** SUPPLIED INFORMATION **
━━━

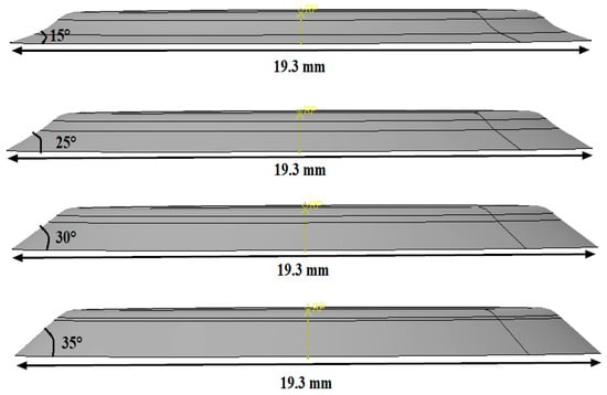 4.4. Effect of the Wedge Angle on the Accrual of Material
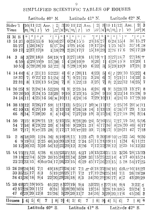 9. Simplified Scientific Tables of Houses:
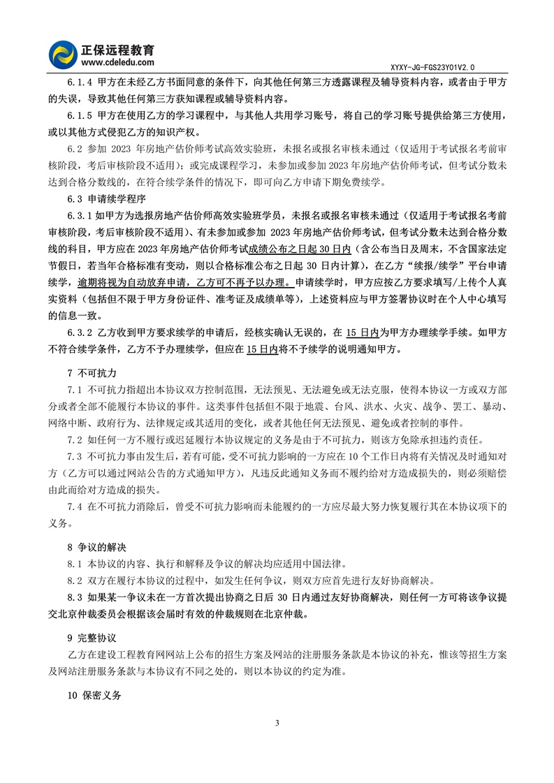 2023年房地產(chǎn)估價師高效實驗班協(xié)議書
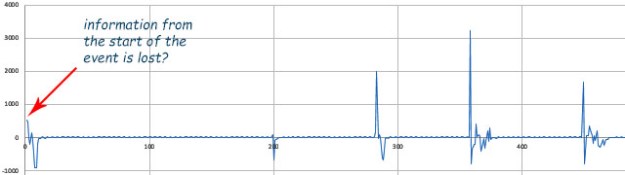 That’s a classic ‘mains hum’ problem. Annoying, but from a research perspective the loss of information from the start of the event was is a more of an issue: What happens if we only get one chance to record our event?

━━━

Since the pictures are not wanted, give the material again exactly without them.

 4.4. Effect of the Wedge Angle on the Accrual of Material
 9. Simplified Scientific Tables of Houses:
 2023年房地產(chǎn)估價師高效實驗班協(xié)議書
 That’s a classic ‘mains hum’ problem. Annoying, but from a research perspective the loss of information from the start of the event was is a more of an issue: What happens if we only get one chance to record our event?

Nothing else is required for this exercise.